### Extracted material
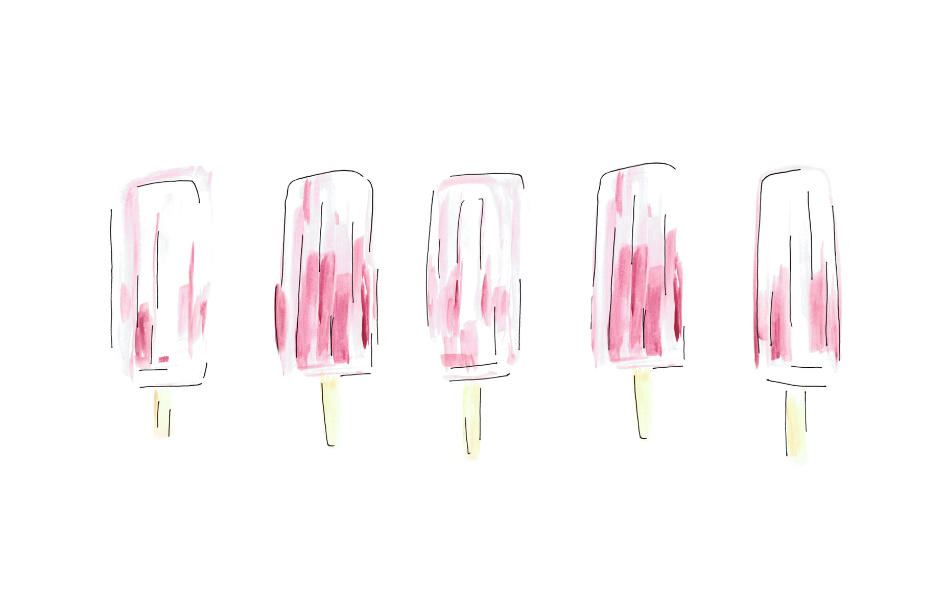 Description: A drawing of four popsicles with pink and yellow toppings on them.
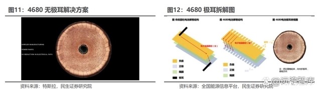 传统的1860电池卷绕长度是800mm,意味着电流要通过800mm长的导线,对应电阻大约是20mΩ;2170电池卷绕长度为1000mm,则电流导出通过的长度就需要1000mm,电阻约为23mΩ;4680电池将整个集流体变成极耳,电流从沿极耳到集流盘横向运输变成集流体纵向传输,原本的800-1000mm的导电长度锐减到80mm(对应电池高度,纵向运输),电阻降低至2mΩ,内阻消耗由2W降低到0.2W,最大程度提升电池输出功率。
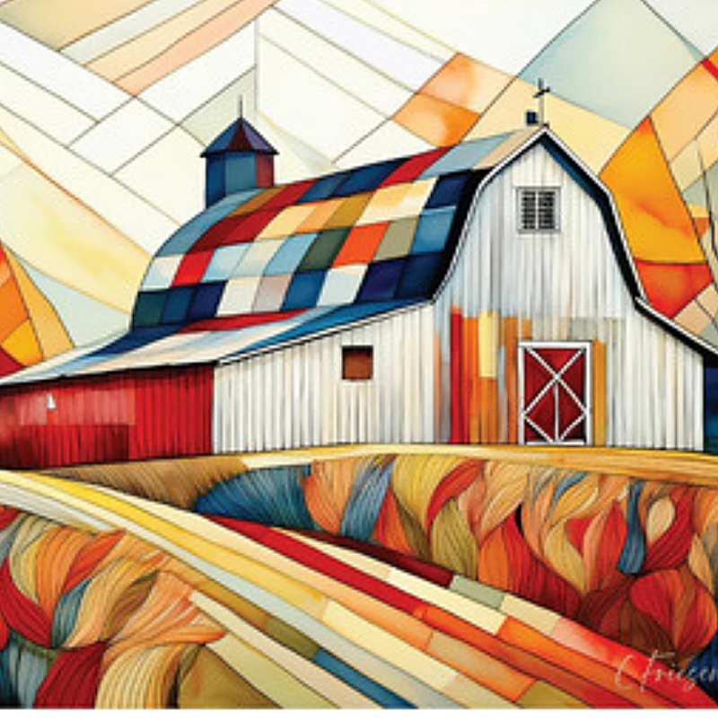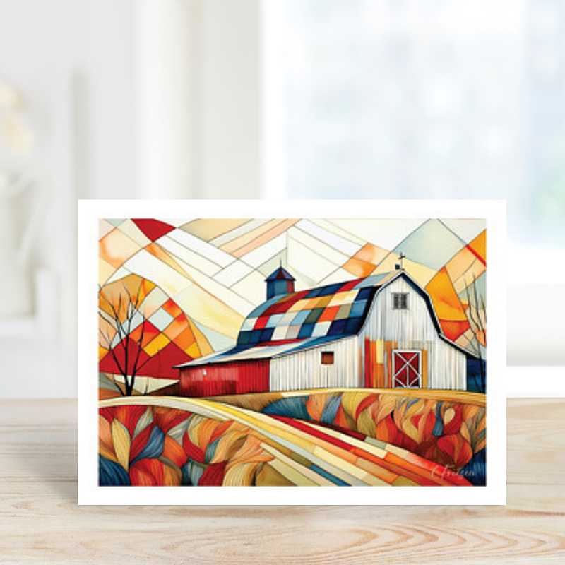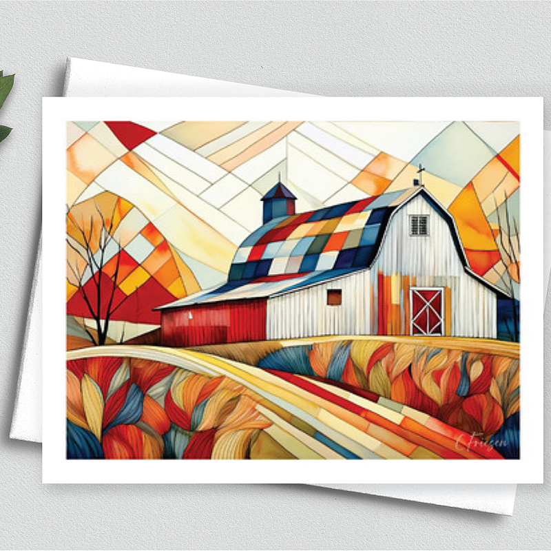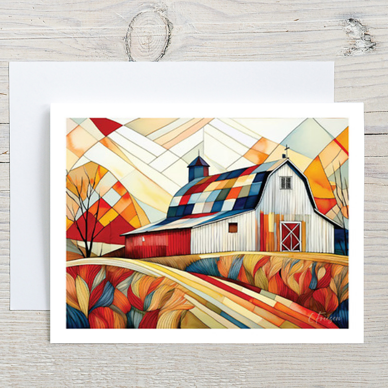 "Peace & Pride" signature quiltscape art notecard. Rectangular A2 sized (4.25 x 5.5 inch) printed on quality 100 lb stock with matching white envelope. Blank inside. This design is part of Quiltberry Farm's Quilted Barns Collection. Designs in this series make perfect greetings for your favorite quilter, sewist, or farm and country enthusiast.  Ideal for sending autumn greetings, fall-themed thinking of you, thank yous, birthday wishes, or creative messages celebrarting all occasions.
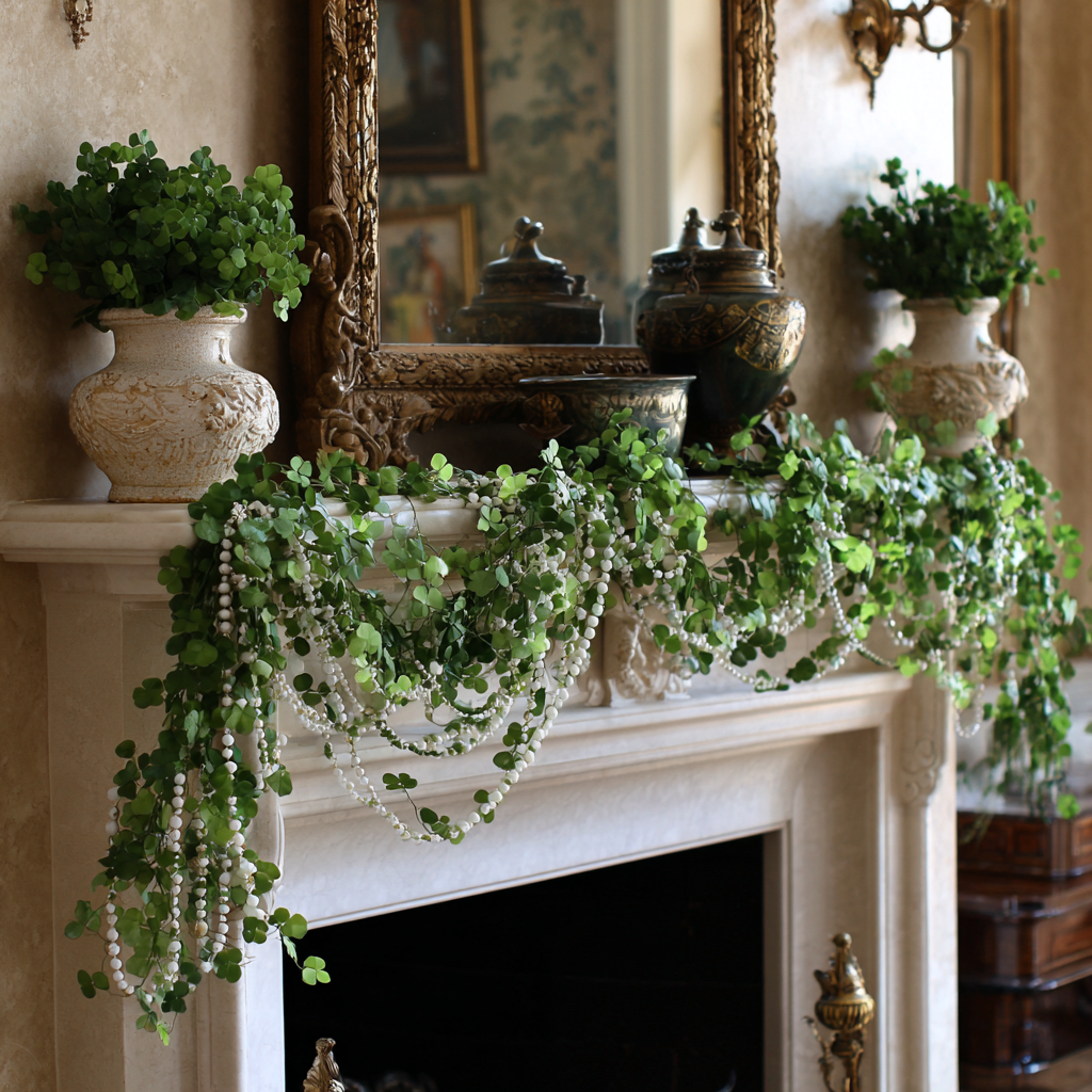 A simple shamrock garland draped across the mantel instantly sets the St. Patrick’s Day mood.
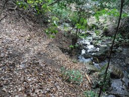 沢に降りる手前に「不動の滝」に寄ってみることに。しかしちょっと進むと登山道は大荒れ、おまけに昨夜の雨でやばそうな感じ。登山道が明確でないってことは、大した滝じゃあないだろうって事で、無理せずあきらめ元の場所まで戻る。 |
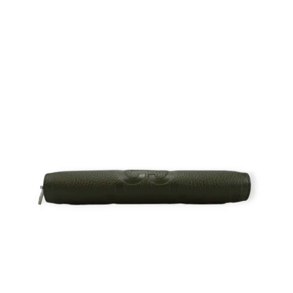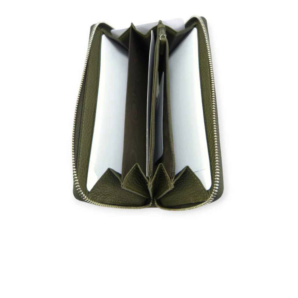 in pelle di colore verde militare, fodera moiré, interno con 12 scomparti per carte di credito, 3 scomparti per banconote, 1 tasca portamonete con cerniera e chiusura con cerniera.
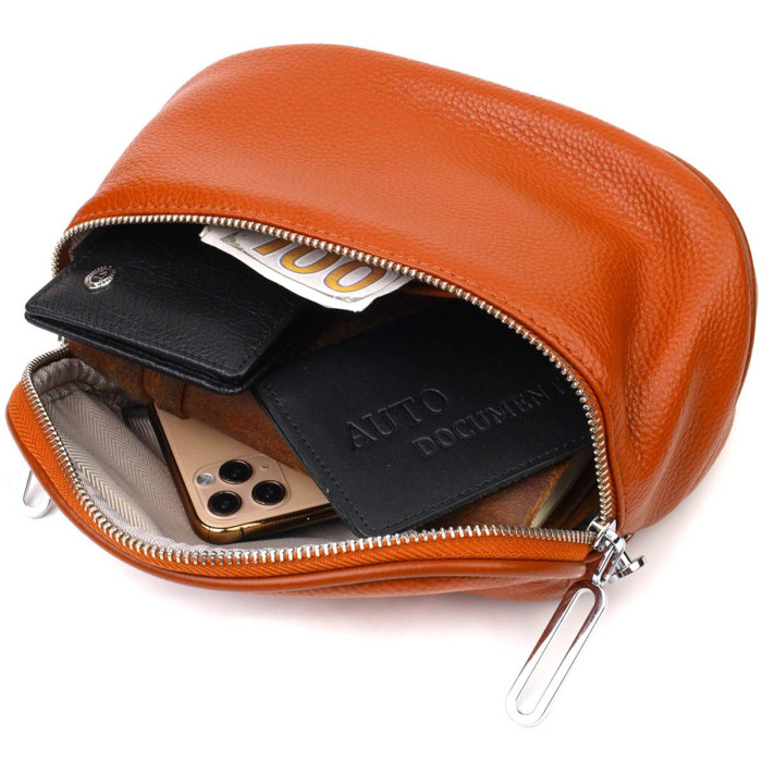 Красива жіноча сумочка з натуральної шкіри високої якості. Виріб дуже зручний, можна носити на плечі та через плече, відмінний повсякденний варіант невеликої сумки. Модель доповнена фурнітурою сріблястого кольору. Аксесуар має одне основне відділення в якому дві кишеньки - на блискавці та відкритого типу. Модний та практичний варіант сумки для стильних жінок.
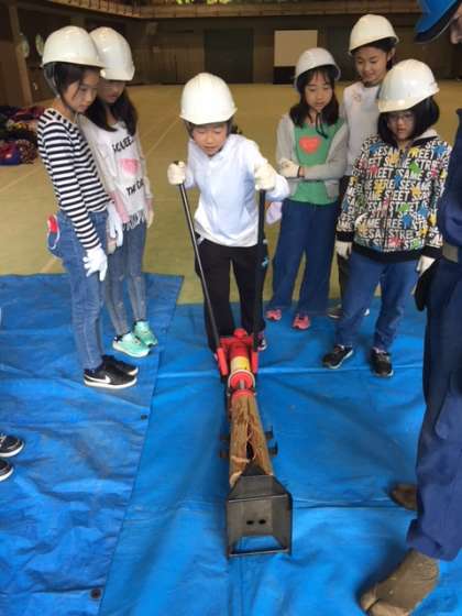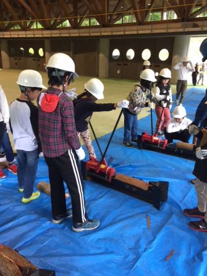 木を適当な大きさに切ったら、薪割りの機械を使って、木を割いて、薪にします!

### The problem
Reproduce the records above exactly, but only from the line containing "in pelle di" through the last line, both included, and without any pictures.

### Response area
 in pelle di colore verde militare, fodera moiré, interno con 12 scomparti per carte di credito, 3 scomparti per banconote, 1 tasca portamonete con cerniera e chiusura con cerniera.
 Красива жіноча сумочка з натуральної шкіри високої якості. Виріб дуже зручний, можна носити на плечі та через плече, відмінний повсякденний варіант невеликої сумки. Модель доповнена фурнітурою сріблястого кольору. Аксесуар має одне основне відділення в якому дві кишеньки - на блискавці та відкритого типу. Модний та практичний варіант сумки для стильних жінок.
 木を適当な大きさに切ったら、薪割りの機械を使って、木を割いて、薪にします!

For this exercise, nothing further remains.